47 So far as the risk that the jury might use Phong's interview against the appellant, the learned trial judge considered that an appropriately worded direction would suffice and, as I understand his Honour, would obviate the "real risk that the weaker Crown case against the applicant will be made immeasurably stronger by reason of the prejudicial material". His Honour left open the possibility of reconsidering the application as the trial continued but otherwise refused the application.

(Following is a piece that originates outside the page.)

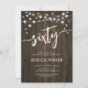 60º Convite de aniversário. Design russo com padrão de madeira marrom-escura. Cartão de convite clássico com luzes de fada e fonte de script. Perfeito para uma comemoração de na moda sexagésimo dia. Personalize com seus próprios detalhes. Pode ser personalizado para qualquer idade! Impressos convites Zazzle ou modelo de impressão digital instantânea para download.

48 The application was renewed following the admission of Phong's interview on 3 June 2002 (the sixteenth day of the trial) but, as it happened, was not argued until 5 June. The learned trial judge again refused the application, although he accepted that Phong's interview "is, to say the least, highly damaging to Mr Vu Pham as an accused person in this trial", a view (as it is obvious) with which I respectfully agree. His Honour then said -
"In a sense, I have said in the earlier ruling of 29 April the substance of what seems to me to be the answer properly available to that submission. I do not see why, as a general proposition, the Court should not proceed upon the basis that the jury is a reasonable jury; that it will understand the directions that will be given to it as to the imperative need to keep separate the three bodies of evidence respectively touching upon the three separate cases which are being tried together; and that the jury will give dutiful effect to these directions of law in considering the jury's own finding of fact in each of those three separate cases."